The Pattern is a regular expression. It is initially matched against the URL-path of the incoming request (the part after the hostname but before any question mark indicating the beginning of a query string) or, in per-directory context, against the request's path relative to the directory for which the rule is defined.

But that could probably be clearer.


And another error, of syntax this time, about Substitution. We have:

file-system path
    Designates the location on the file-system of the resource to be delivered to the client. Substitutions are only treated as a file-system path when the rule is configured in server (virtualhost) context and the first component of the path in the substitution is exists in the file-system

Something's wrong in the last sentence. I guess "is exists" should read "exists".


There is also a problem in the part mentioning RewriteBase, but that one is more delicate, I shall remember to open a new report about it.
Comment 12 Daniel Gruno 2012-04-13 09:37:21 UTC
Whether or not the actual file exists does not, at the point of mod_rewrite's hooking into the process, matter where matching is concerned, so I think your first argument is moot. In terms of initially matching against a request, a file path is still valid even though the file itself does not exist. It is only when you either start substituting or when the file handler kicks in, that it matters whether the path translates to an actual file.

As for the rest, I have made the necessary adjustments to the two documents.
Comment 13 Daniel Gruno 2012-04-13 14:16:21 UTC
I'm going to close this ticket now, as we have already moved way beyond the scope of the original complaint.
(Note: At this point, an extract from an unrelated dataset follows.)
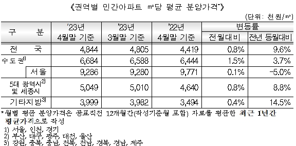 15일 주택도시보증공사(HUG)는 2023년 4월말 기준 ‘민간아파트 분양가격 동향’에 따르면 전국 민간아파트 최근 1년간 ㎡당 평균 분양가격(공급면적 기준, 이하 ㎡당 평균 분양가격*)은 484만 4000원으로 전월 대비 0.81% 상승했다고 밝혔다.

If you still have issues with the rewrite documents, you are welcome to open a new ticket, but I must ask that you do so for each specific subject that comes to mind, so it won't end up like a never-ending ticket like this one.

Having each specific subject in a separate thread would also greatly ease the discussion, as we know to what we are replying, and within which scope we're discussing the issue.

You are, of course, also very welcome to submit a patch for the documents you want changed, so we won't have to muck about ourselves when a few wordings need change here and there.
Comment 14 Philippe Cloutier 2012-04-13 17:16:29 UTC
Thank you once more for your changes, Daniel.

I opened a new request about a minor problem left in the introduction (bug 53080).

But I still think that the second parenthesis in "On the first RewriteRule, it is matched against the (%-decoded) URL-path (or file-path, depending on the context) of the request." is wrong.

I forgot to mention, just below we expand on that:
In Directory and htaccess context, the Pattern will initially be matched against the filesystem path, after removing the prefix that led the server to the current RewriteRule (e.g. "app1/index.html" or "index.html" depending on where the directives are defined).

I find this less bad, although one may ask *which* filesystem path this refers to.

Let me try to put the issue differently: What is the file-path of a request?
Comment 15 Philippe Cloutier 2012-04-26 16:50:19 UTC
I reported the "file-path" problem in #53153. I also opened #53152 about the part which mentions RewriteBase.